[Dataset records]
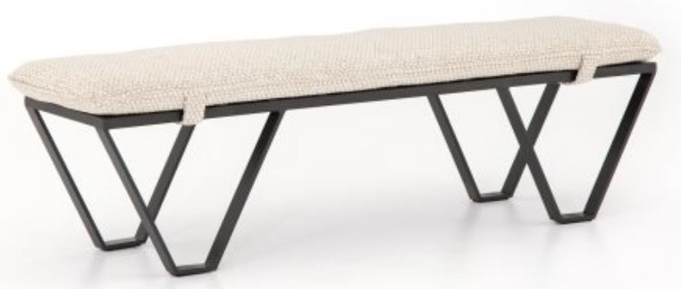 Architectural interest meets industrial inspiration in the Scout bench. Its distressed, gunmetal-finished iron frame takes the spotlight, paired with a minimalistic oatmeal-colored cushion for comfort. This piece will make a bold statement to your living room.
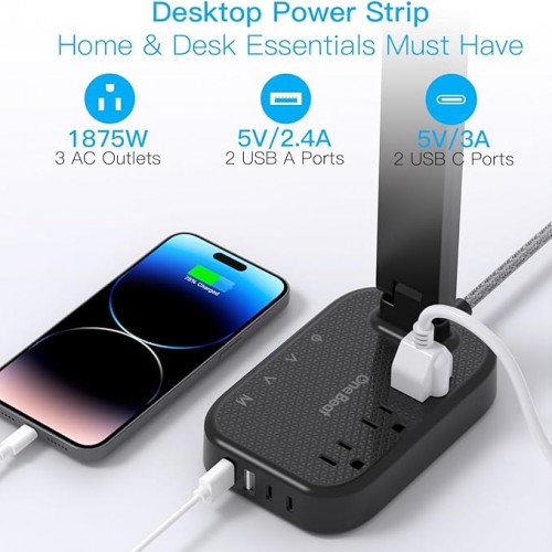 - 【 10 Ft Extension Cord & Plug In and Use 】 This usb c power strip with 45° low profile right angled flat plug and 10 feet extension cord, you can carry it anywhere. It not only a table lamp, but also a multi-function desktop power strip wtih usb charging station.
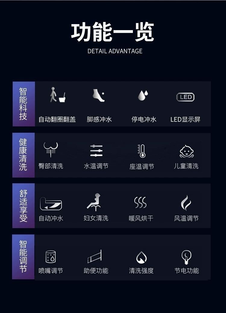 厂家直销爆款全新智能马桶盖板通用型全自动座便器多功能智能盖板
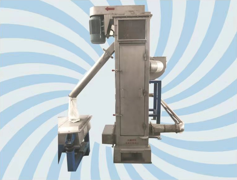 干燥機(jī)是將塑料粒子與水分離的一種設(shè)備。粒子和水進(jìn)入干燥機(jī)在離心力的作用下,粒子以高速、螺旋的形式向上輸送。在向上輸送的過程中,粒子表面水分與粒子進(jìn)行分離,干燥室上部通風(fēng)機(jī)產(chǎn)生的氣流與粒子逆向運動,加速粒子表面水分與粒子進(jìn)一步分離,完成氣流干燥過程。潮濕空氣由通風(fēng)機(jī)經(jīng)出風(fēng)管排入大氣,分離出來的水由出水口排出,粒子得到充分干燥后經(jīng)出料斗排出。
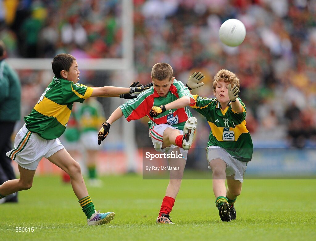 21 August 2011; Brandon Murphy, Shanagolden N.S., Shanagolden, Co. Limerick, playing for Mayo, in action against Christopher Kong, St. Declan's N.S., Co. Waterford, left, and Diarmuid O'Malley, St. Patrick's N.S., Castlebar, Co. Mayo, playing for Kerry. Go Games Exhibition - Sunday 21st August 2011, Croke Park, Dublin. Picture credit: Ray McManus / SPORTSFILE
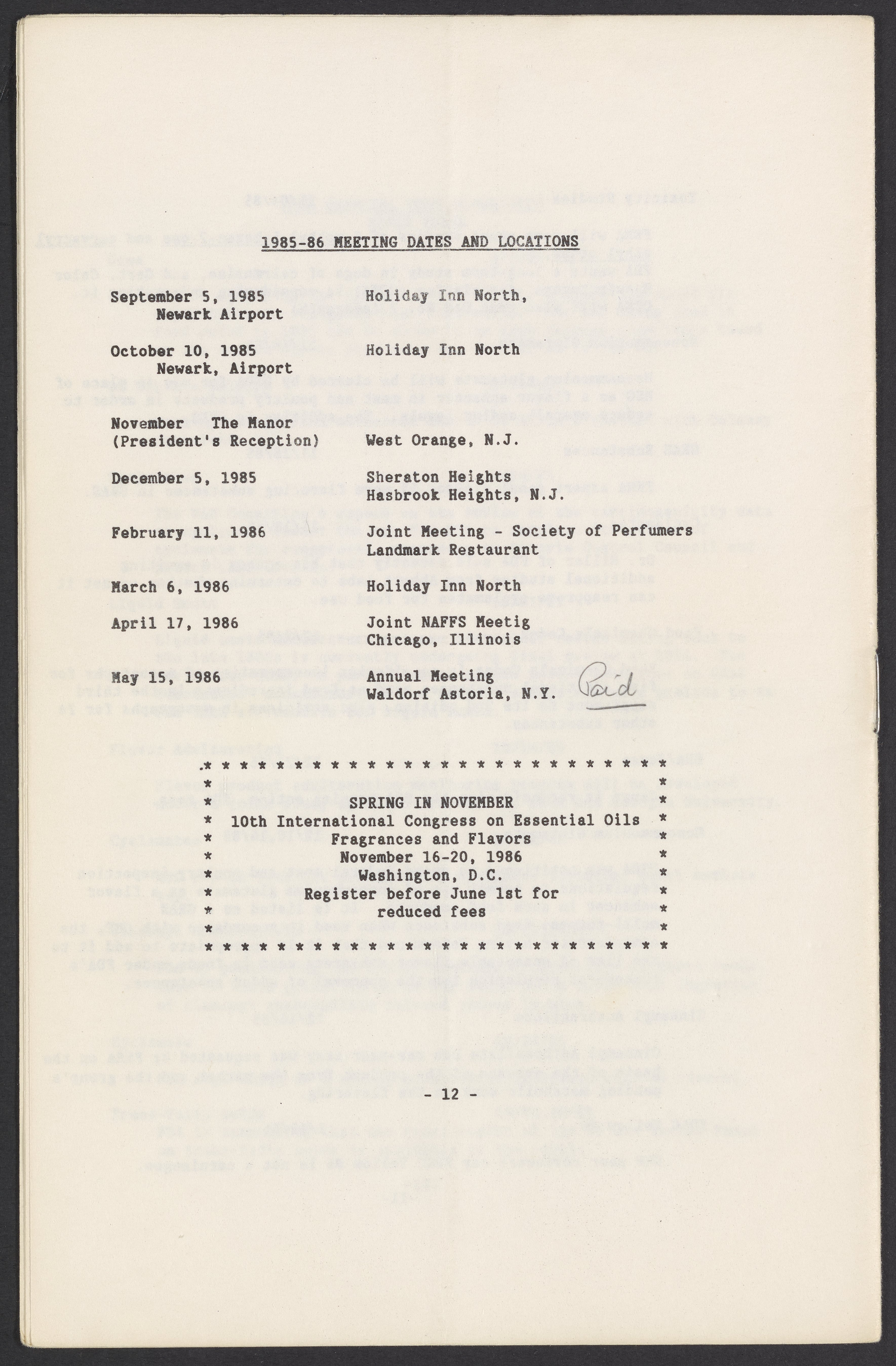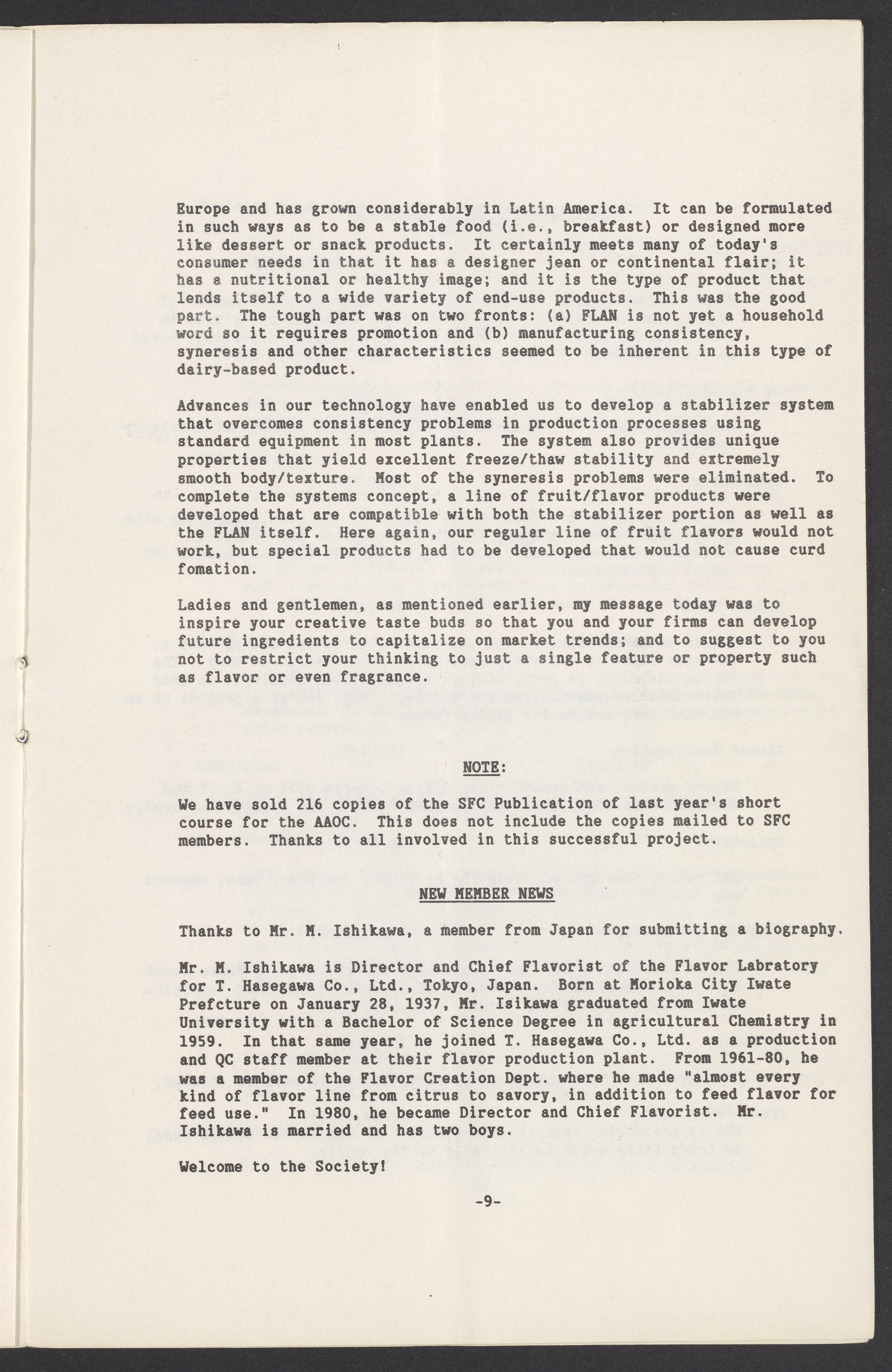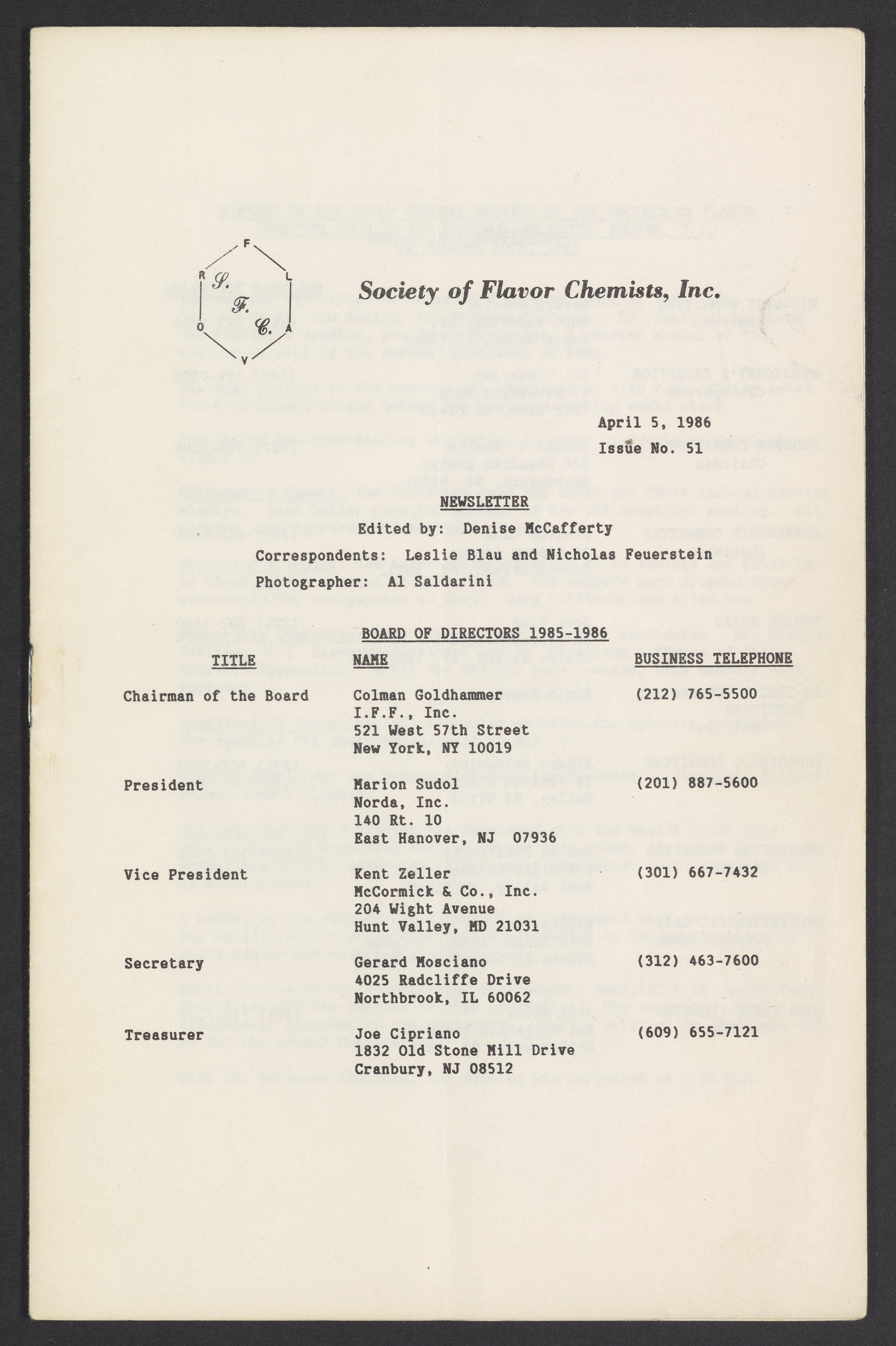 Society of Flavor Chemists. “Society of Flavor Chemists Newsletter, April 1986,” April 5, 1986. Society of Flavor Chemists Newsletters , Box 1, Folder 1. Science History Institute. Philadelphia. https://digital.sciencehistory.org/works/eoirafs.
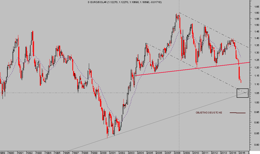 El mercado que primero reaccionó tras conocer las palabras de Draghi, a pesar de no contener sorpresa alguna, fue el de divisas. El Euro terminó la sesión cediendo posiciones, hoy profundizando, y a sólo un 2%-3% del rango superior del objetivo de medio plazo proyectado por técnicos y varias veces divulgado en este blog desde el pasado otoño.

**What this task involves:** Write every line of the data out again exactly, leaving out all images.

**Output for this task:**
 Architectural interest meets industrial inspiration in the Scout bench. Its distressed, gunmetal-finished iron frame takes the spotlight, paired with a minimalistic oatmeal-colored cushion for comfort. This piece will make a bold statement to your living room.
 - 【 10 Ft Extension Cord & Plug In and Use 】 This usb c power strip with 45° low profile right angled flat plug and 10 feet extension cord, you can carry it anywhere. It not only a table lamp, but also a multi-function desktop power strip wtih usb charging station.
 厂家直销爆款全新智能马桶盖板通用型全自动座便器多功能智能盖板
 干燥機(jī)是將塑料粒子與水分離的一種設(shè)備。粒子和水進(jìn)入干燥機(jī)在離心力的作用下,粒子以高速、螺旋的形式向上輸送。在向上輸送的過程中,粒子表面水分與粒子進(jìn)行分離,干燥室上部通風(fēng)機(jī)產(chǎn)生的氣流與粒子逆向運動,加速粒子表面水分與粒子進(jìn)一步分離,完成氣流干燥過程。潮濕空氣由通風(fēng)機(jī)經(jīng)出風(fēng)管排入大氣,分離出來的水由出水口排出,粒子得到充分干燥后經(jīng)出料斗排出。
 21 August 2011; Brandon Murphy, Shanagolden N.S., Shanagolden, Co. Limerick, playing for Mayo, in action against Christopher Kong, St. Declan's N.S., Co. Waterford, left, and Diarmuid O'Malley, St. Patrick's N.S., Castlebar, Co. Mayo, playing for Kerry. Go Games Exhibition - Sunday 21st August 2011, Croke Park, Dublin. Picture credit: Ray McManus / SPORTSFILE
 Society of Flavor Chemists. “Society of Flavor Chemists Newsletter, April 1986,” April 5, 1986. Society of Flavor Chemists Newsletters , Box 1, Folder 1. Science History Institute. Philadelphia. https://digital.sciencehistory.org/works/eoirafs.
 El mercado que primero reaccionó tras conocer las palabras de Draghi, a pesar de no contener sorpresa alguna, fue el de divisas. El Euro terminó la sesión cediendo posiciones, hoy profundizando, y a sólo un 2%-3% del rango superior del objetivo de medio plazo proyectado por técnicos y varias veces divulgado en este blog desde el pasado otoño.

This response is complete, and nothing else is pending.